MSAC Individual Artist Award (IAA)Prior to 2012
Artist StatementExperimenting with size and scale I create a representative world of my own, producing photographs under controlled lighting to alter and control the viewer's perspective. Symbolizing the human condition with common office products, I question whether we have become so regimented in our routine as to be lifeless. In the age of technology have we become inhuman? I began this series of photographs as a social commentary on cubicle-farm life, highlighting a corporate culture that is monotonous, hierarchal, micromanaging, non-creative and even inhumane. This body of work evolved from satirical furniture vignettes of corporate scenarios almost narrating what happened before or what could soon occur, to images that were more architectural and abstract as I built models to depict uninhabitable commercial spaces. As an artist, I am inspired by the work of photographers, Andreas Gursky, James Casebere, Thomas Demand and Edward Burtynsky, along with installation artists such as Do Ho Suh, whose work can be both subtle and powerful and Tara Donovan whose work can make ordinary materials seem extraordinary. As I continue to think about society as a whole, I am also inspired by architecture and urban life. I continue to contemplate the idea of “work” and how one can be weighed down by the mundane tasks of their daily life.
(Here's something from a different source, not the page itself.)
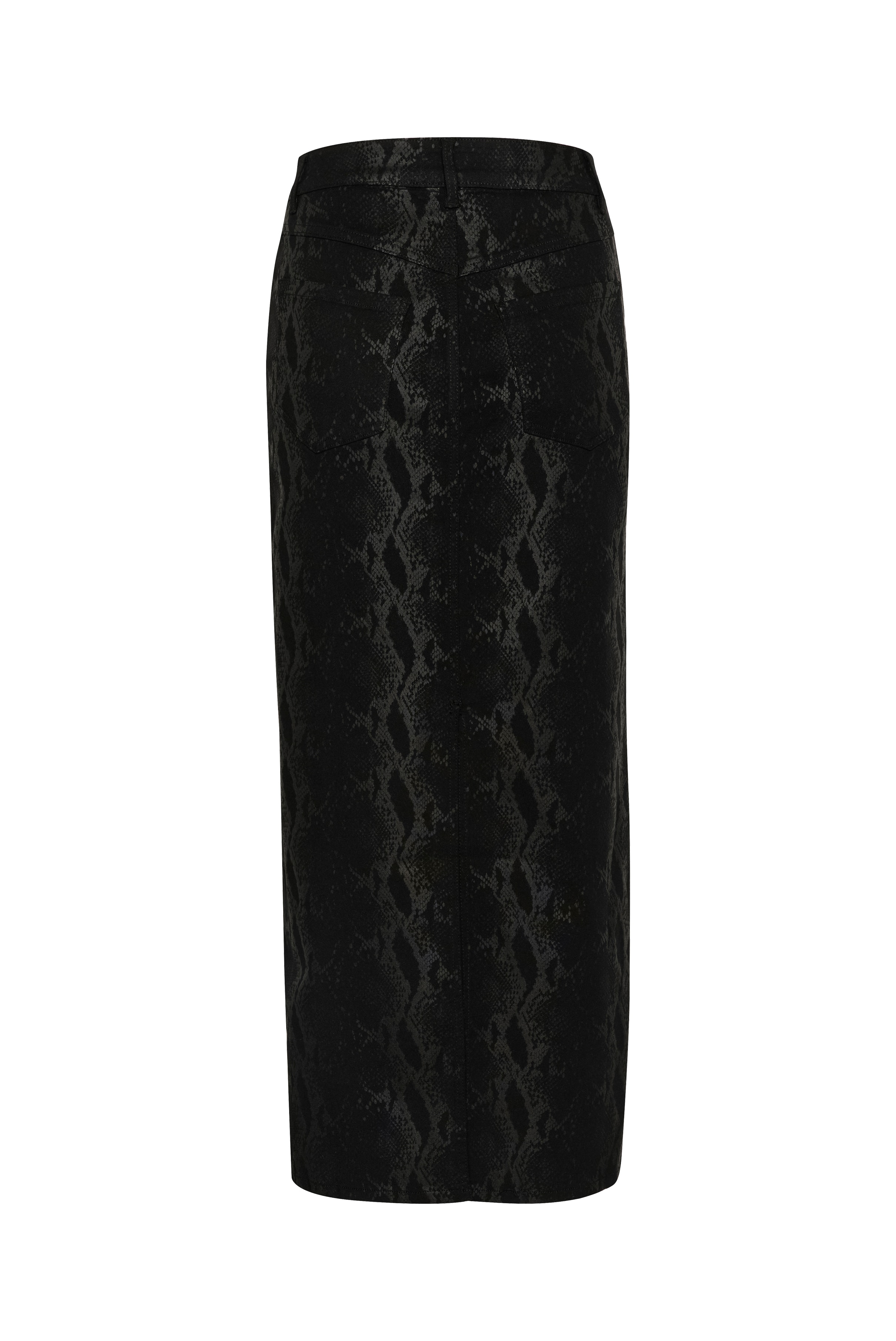 Sleek skirt with a straight, ankle-length silhouette and subtle textured finish. Fitted at the waist with classic belt loops and front button closure.

Born in New York, NY and raised in Baltimore, Anne Chan received her MFA from the Maryland Institute College of Art in 2006 and her BA from Washington College in Chestertown, Maryland in 2000. Anne’s work has exhibited widely in Baltimore, Maryland; Washington DC; Miami, Florida; and Toronto, Canada. She is also a So-Hamiltonian Artist Fellow at Hamiltonian Gallery in Washington, DC and a recent Maryland State Arts Council Individual Artist Grant recipient in Photography.